The Mystical Tradition Nur

The Light That Is Already There

I must have been five or six years old. It was a summer night. Back then summers were hot, and it was completely normal to move your bedding outside and sleep under a mosquito net in the cooler air. My father and I were sitting outside together. I do not remember exactly how the conversation started, but I remember the shape of it. I kept asking him how things were made. Every answer he gave led to another question. How was that made? And then how was that made? Until we were looking up at the night sky, talking about the stars, and I kept asking who made that, and he kept answering, until at some point he ran out of answers. His last one was God. And I asked him who made God.

I do not remember his exact words. I remember the feeling. The pause before he answered. And then something like: God does not have a name. God does not have a shape. It just is. It is everywhere. Years later I came to understand that in the tradition I grew up in, God does not have a gender either, no she, no he, just this overarching presence. What I have slowly come to call, in more recent years, an energy. A ground. Something that does not have edges.

That conversation has stayed with me my whole life. Not because I understood it then. Because I did not. And somehow the not-understanding was the beginning of something.

Many years later, I came to understand a word that had always been around me, one that felt like it was reaching toward the same thing my father could not quite name that night: Nur. It is usually translated as light, but that loses something. Nur is not the light that comes through a window. It is the light that is the ground of everything, present before there is anything to illuminate. Rumi and Hafez wrote about it not as something that arrives but as something that is already there. Growing up, their words were not literature we studied at a distance. They were in our songs, our school books, our daily conversation. I absorbed this without knowing I was absorbing it.

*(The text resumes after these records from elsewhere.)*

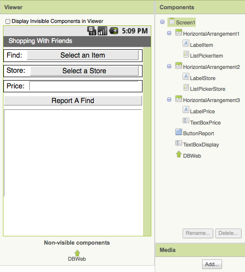 Let's suppose you and your friends are going shopping at the mall and want to keep in touch and share your "finds" -- bargains, cool stuff, etc. The ShoppingWithFriends app will use a TinyWebDb component to store finds that you and your friends post to the web. For this example, we'll only store the name of the item, what store it was found at and its price.
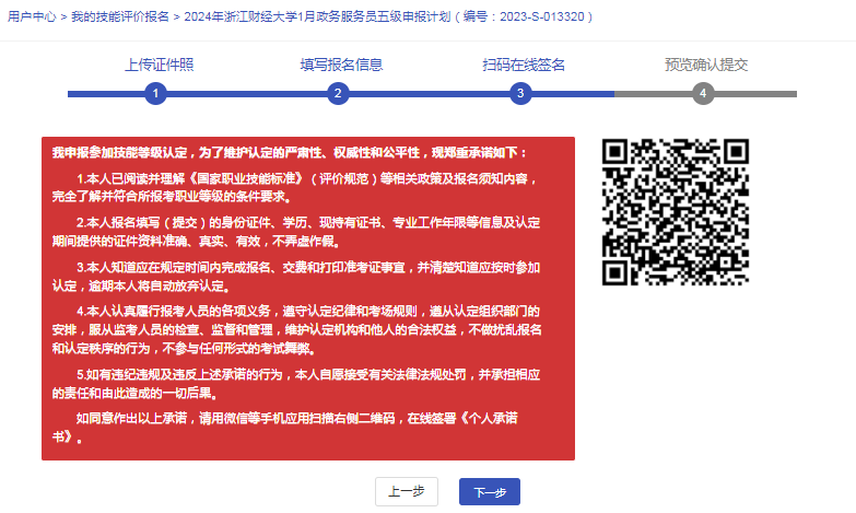 注:请考生检查报名信息是否正确。如需更改,请点击上一步进入到信息提交界面修改个人信息。
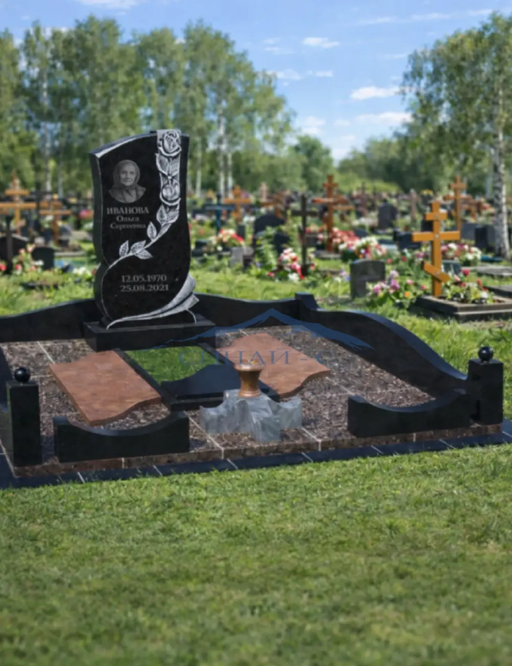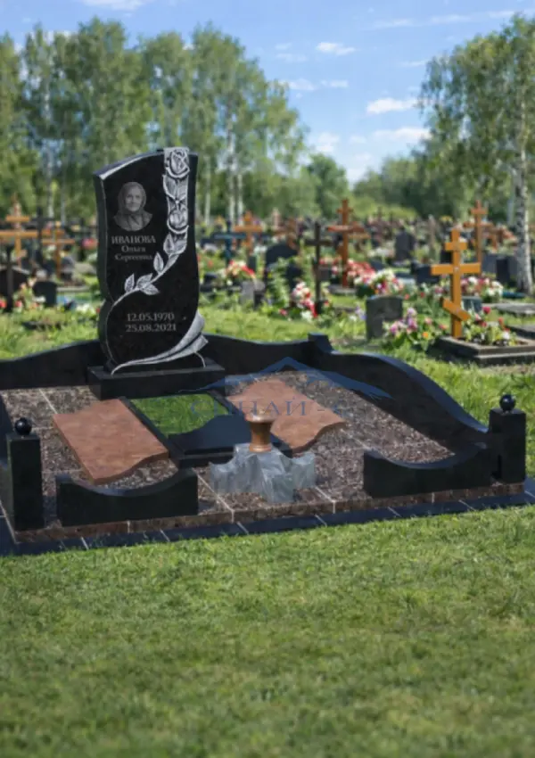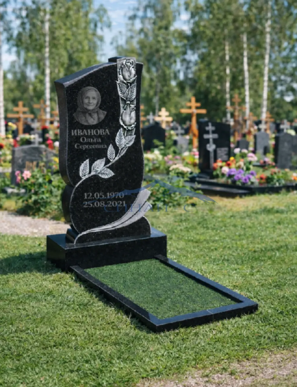 Гранитный памятник с розой выполнен в изящной волнообразной форме из прочного чёрного гранита. Фигурная стела украшена резной ветвью розы, расположенной вдоль боковой части композиции. Детально проработанные лепестки и листья создают выразительный контраст с полированной поверхностью камня. Плавные линии подчёркивают утончённость модели и придают памятнику особую гармонию. Возможна гравировка портрета, надписей и дат, что позволяет создать индивидуальный мемориал.
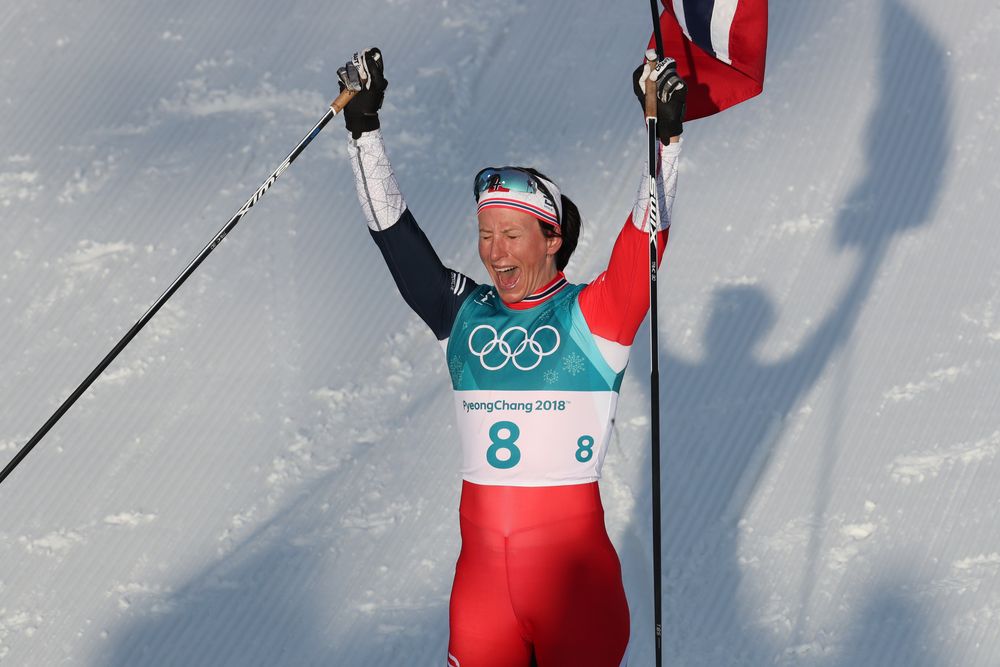2018年2月25日,挪威选手玛丽特·比约根在平昌冬奥会越野滑雪女子30公里集体出发(传统技术)比赛夺冠后庆祝。凭借在平昌冬奥会上获得的2金1银2铜,比约根成为冬奥会历史上第三个“八金王”,并以8金4银3铜总计15枚奖牌,成为冬奥会历史上获奖牌数最多的运动员。新华社记者李钢摄
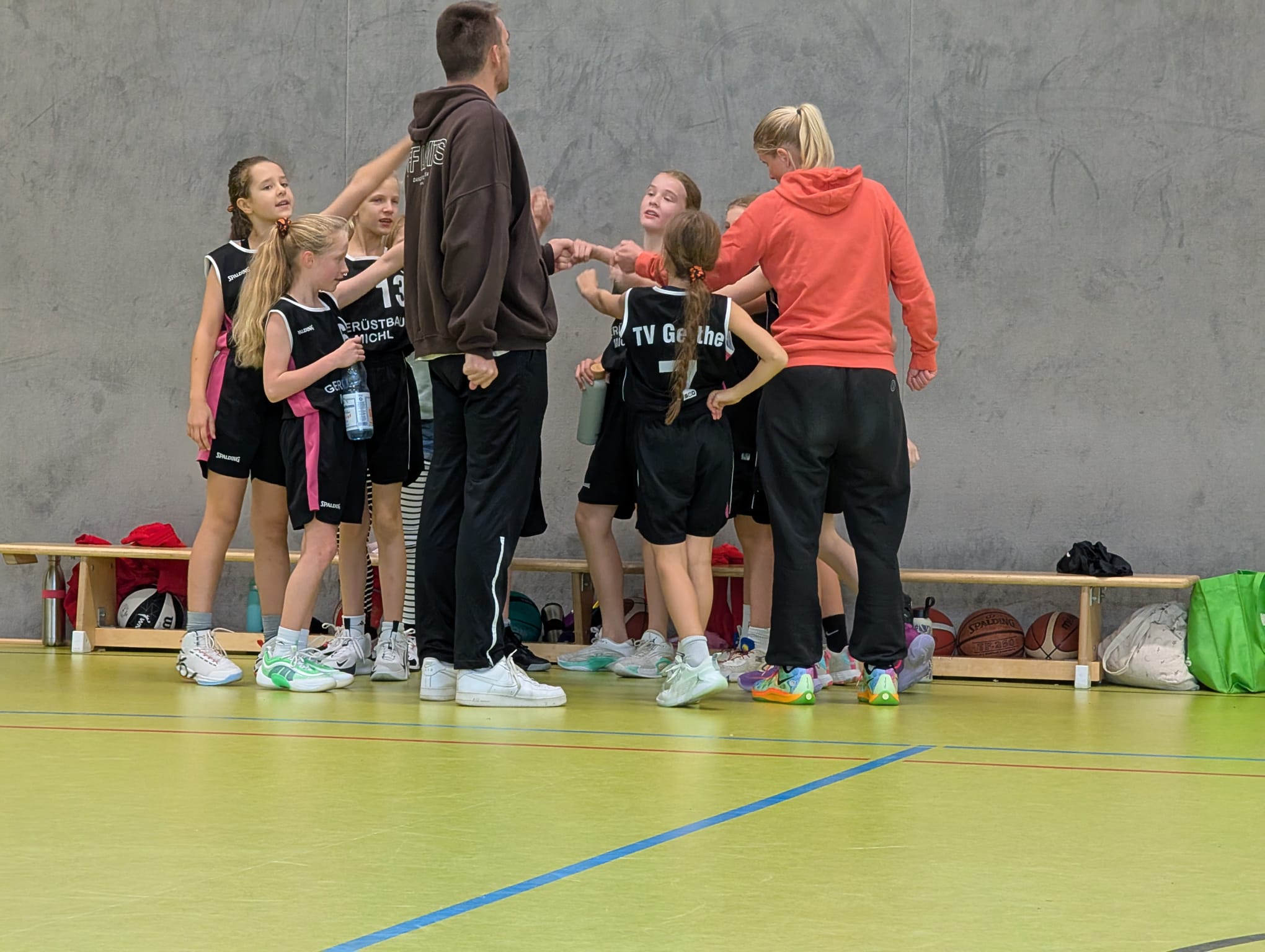 Besonders beeindruckend war die defensive Leistung: Mila und Sophie bekamen die Aufgabe, die starke Nummer 4 der Gegnerinnen aus dem Spiel zu nehmen und meisterten das mit Bravour. Der Lohn war eine komfortable 35:11-Führung zur Halbzeit. Während die Defensive kaum etwas zuließ, war offensiv sogar noch Luft nach oben. In der zweiten Hälfte konnte das Trainerteam viel rotieren und allen Spielerinnen wertvolle Einsatzzeit geben. Theresa und Svea waren offensiv kaum zu stoppen und sorgten immer wieder für Highlights unter dem Korb. Doch auch der Teamgeist stand im Mittelpunkt: Jede Spielerin kämpfte, half in der Defense aus und trug zum deutlichen Erfolg bei. Am Ende stand ein überzeugendes 71:19 auf der Anzeigetafel, der dritte Sieg im dritten Spiel für die Gerther U12-Mädchen.
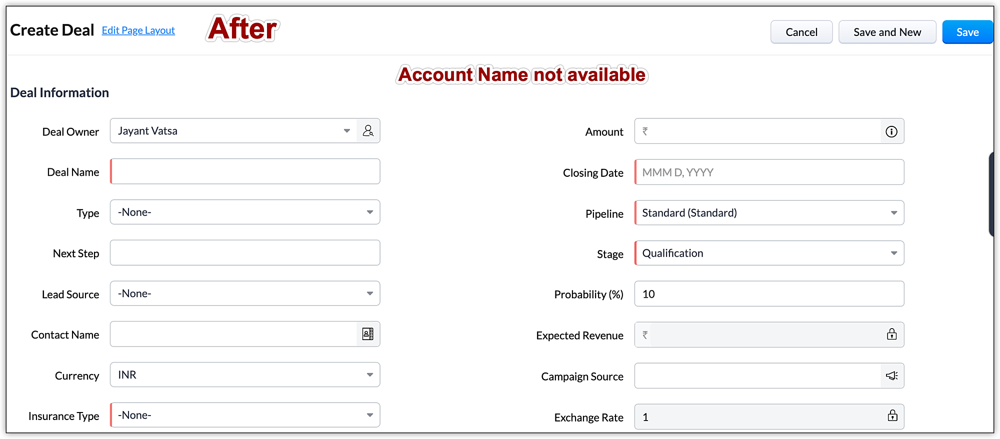 If your organization deals with other businesses and with individual customers (both B2B and B2C), disabling the Accounts module won't work. In this case, you need to make the Company and Account Name fields non-mandatory in both the Leads and Deals modules. This will allow you to save records without filling in those fields.
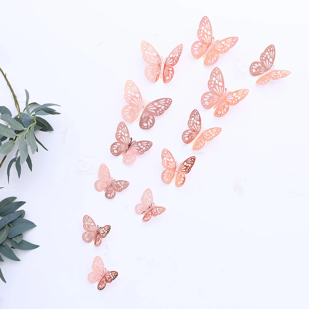 12 шт. текстурные наклейки на стену в виде бабочки, полый фон для комнаты, украшение на стену сделай сам для свадьбы, Дня Святого Валентина
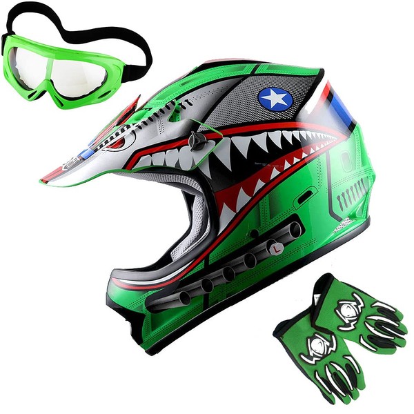 1Storm Youth Motocross Helmet Kids Motorcycle Bike Helmet Shark Green + Goggles + MG Youth Green Glove Bundle
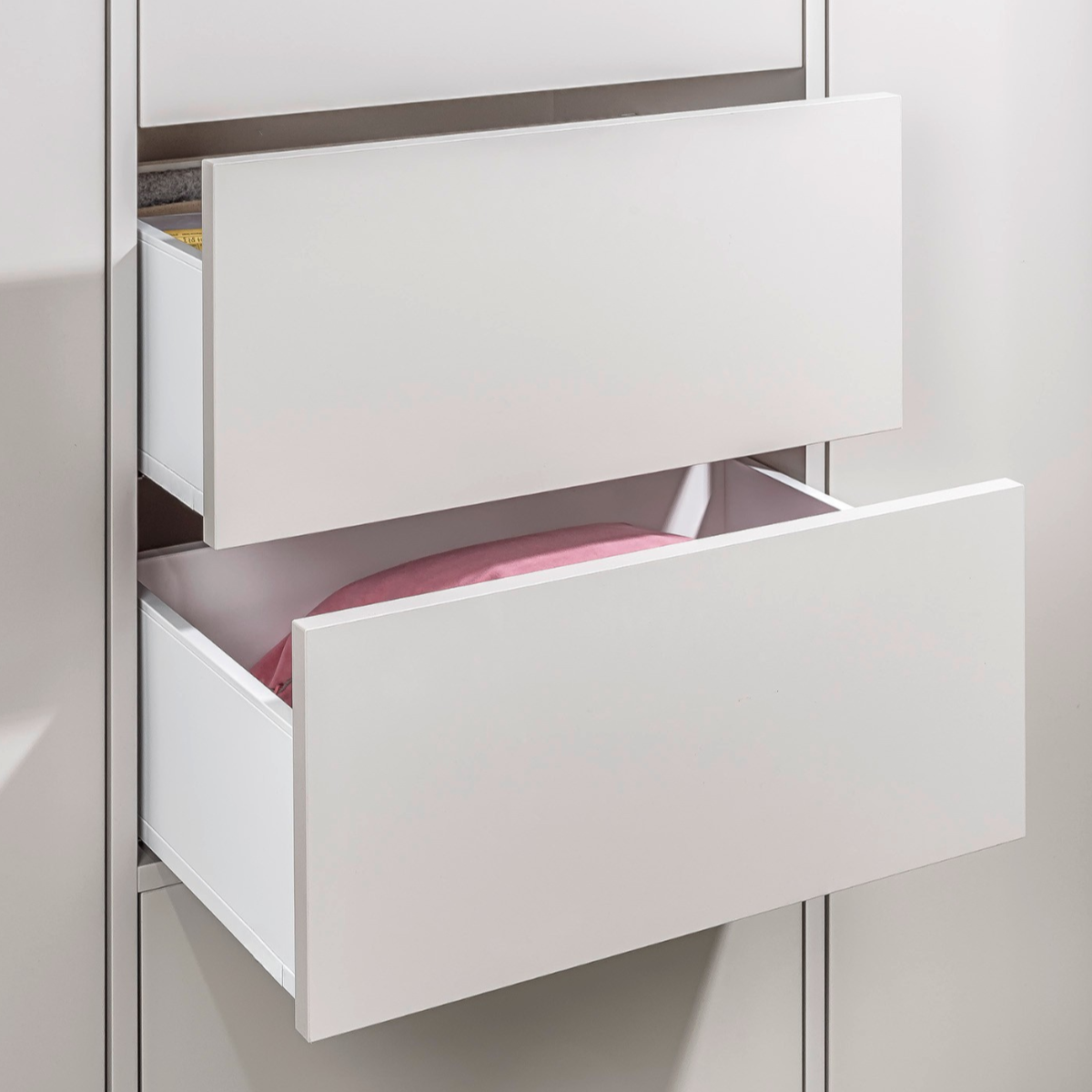 Dank der Antifingerprint-Beschichtung bleiben die Fronten auch bei intensiver Nutzung frei von sichtbaren Fingerabdrücken. Das Material ist pflegeleicht, langlebig und widerstandsfähig, wodurch es sich ideal für grifflose Möbel im Schlafzimmer, Wohnzimmer oder Homeoffice eignet.

What has stopped me more recently is finding something that feels related in quantum physics. Physicists describe the quantum vacuum, the ground state of the universe, as not empty at all. They call what fills it zero-point energy, fluctuations of potential that exist even in the absence of matter. I am not a scientist and I am still working to understand what this actually means. But when I read it I find myself wondering: does it mean the universe is not filled with darkness, but that our eyes simply do not have the ability to see the light that is already there? I do not know if that is what physics is saying, and that is probably why I keep seeking. What I do know is that the idea of a luminous ground beneath what we can see, felt like something I had heard before. In a different language. On a summer night, from my father.

I keep finding this same idea in places with no connection to each other. The Lakota speak of Wakan Tanka, a sacred energy that permeates all things. Aboriginal Australians describe the Dreaming, a living reality running underneath ordinary life, always present. I do not know what to make of all this exactly. I am still figuring it out. But I find it worth paying attention to.

In the studio, I build layers slowly, acrylic and oil, translucent over translucent. At a certain point the painting changes. It stops reflecting light from outside and starts seeming to generate it from within. I cannot make this happen. I can only create the conditions and wait. “First Dance of Light” was named for that moment, the first time I felt it in this particular painting. Not a concept I decided to believe. Something I recognized from a long time ago.


What does it mean for something to be lit from within? I am still learning how to ask the question, let alone answer it.